Financial Crisis (From
Washington's $5 Trillion Tab
Elizabeth Moyer, 11.12.08, 5:15 PM ET

For all the fury over Treasury Secretary Henry Paulson's $700 billion emergency economic relief fund, it seems downright puny when compared to the running total of the government's response to the credit crisis.

According to CreditSights, a research firm in New York and London, the U.S. government has put itself on the hook for some $5 trillion, so far, in an attempt to arrest a collapse of the financial system.

The estimate includes many of the various solutions cooked up by Paulson and his counterparts Ben Bernanke at the Federal Reserve and Sheila Bair at the Federal Deposit Insurance Corp., as the credit crisis continues to plague banks and the broader markets.

The Fed has taken on much of that total, including lending a cumulative $1 trillion in overnight or short-term loans since March to primary dealers through its emergency discount window and making a cumulative $1.8 trillion available through its term auction facility, a series of short-term transactions it began making available twice a month in January. It should be noted that a portion of the funds lent in these programs has been repaid and that the totals represent what has been made available.

The Fed also took on tens of billions in debt, including $29 billion in debt of Bear Stearns, and made $60 billion of credit available to American International Group. It is committing $22.5 billion to set up a special purpose vehicle to manage some of AIG's residential mortgage-backed securities, and it is financing $30 billion of a second fund to hold $70 billion of multi-sector collaterized debt obligations on which AIG wrote credit default swaps.

The Treasury, in addition to the $700 billion raised in the Emergency Economic Stabilization Act, agreed to guarantee money market funds against losses up to $50 billion, will inject $40 billion of capital into AIG and is backing the conservatorship of Fannie Mae and Freddie Mac, to the tune of $200 billion.

The FDIC, meanwhile, is guaranteeing $1.5 trillion of senior unsecured bank debt.

Not included in the total are the Fed's long-existing discount window lending to commercial banks, the mortgage modification plan announced by regulators on Tuesday, support for the Federal Home Loan Banks and a myriad of other programs.

Paulson and Bernanke have tried any number of ways to stop the free fall in housing prices and unfreeze the credit markets, with limited success.
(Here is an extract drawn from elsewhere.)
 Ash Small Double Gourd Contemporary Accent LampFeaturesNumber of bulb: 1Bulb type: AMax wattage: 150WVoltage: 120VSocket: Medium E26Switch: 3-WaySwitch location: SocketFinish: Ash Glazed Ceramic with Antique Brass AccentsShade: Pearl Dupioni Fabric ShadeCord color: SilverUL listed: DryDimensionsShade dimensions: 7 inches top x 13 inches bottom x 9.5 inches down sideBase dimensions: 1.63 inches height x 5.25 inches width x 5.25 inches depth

Rates that banks charge each other for three-month loans have dropped to 2.1% over the corresponding Treasury security, from their high of 4.8% in October. But lending is contracting as banks brace for rising credit costs and corporate borrowers hunker down.
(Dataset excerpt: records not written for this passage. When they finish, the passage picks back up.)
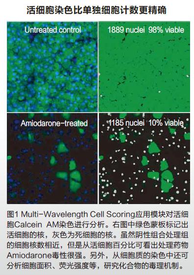 活性染色(例如Calcein AM)可以用來粗略的檢測活細胞中的化合物毒性。首先用各種化合物對肝細胞進行72小時處理并染色。通過ImageXpress Micro XL 系統(tǒng)的10倍物鏡我們可以得到肝細胞的圖像, 然后我們用MetaXpress軟件的Multi-Wavelength Cell Scoring應用模塊對活細胞的整個核區(qū)域(Hoechst復染色)和細胞質區(qū)域(Calcein AM)進行分析(圖1)。
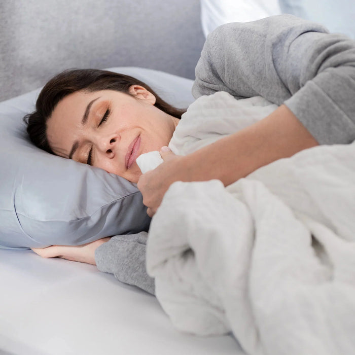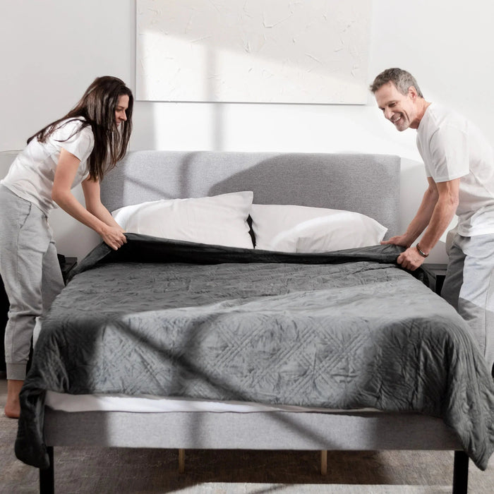 The even distribution of weight in our blanket means it feels like a gentle hug, all night long.  Mimicking a therapeutic technique called Deep Pressure Stimulation (DPS), this gentle pressure reduces cortisol (stress hormone) while increasing serotonin (happy hormone) and melatonin (sleepy hormone). End result: you fall asleep faster, stay asleep longer, and feel more rested after.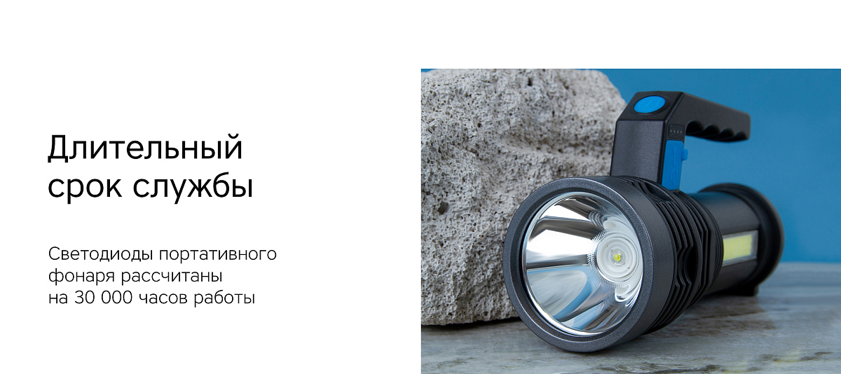 Особенности: встроенный аккумулятор обеспечивает длительное время работы без подзарядки; 3 режима работы: максимальная яркость, минимальная яркость и мерцание; удобная ручка обеспечивает надежный хват одной рукой; дополнительный светодиод в корпусе; зарядка от любого USB порта

The Treasury has turned its focus from attempting to buy troubled assets from banks, which was the original intent of the October Emergency Economic Stabilization Act, to injecting capital in the form of preferred equity stakes.

It started out with $125 billion worth of investments in eight major U.S. banks and has since expanded the program to an increasingly broad range of financial and nonfinancial companies. And with just $60 billion left of its initial $350 billion authorization under the emergency act, the Treasury faces a growing number of companies--including Detroit's automakers--begging for assistance.

David Hendler, an analyst at CreditSights, says it looks as if government is left holding the bag, and of course that translates into everyone.

"The losses have to be taken, but no one wants to take them," Hendler said at a conference Wednesday, speaking about the banks and their handling of troubled assets. "It seems like the taxpayers are going to be taking a good portion of that."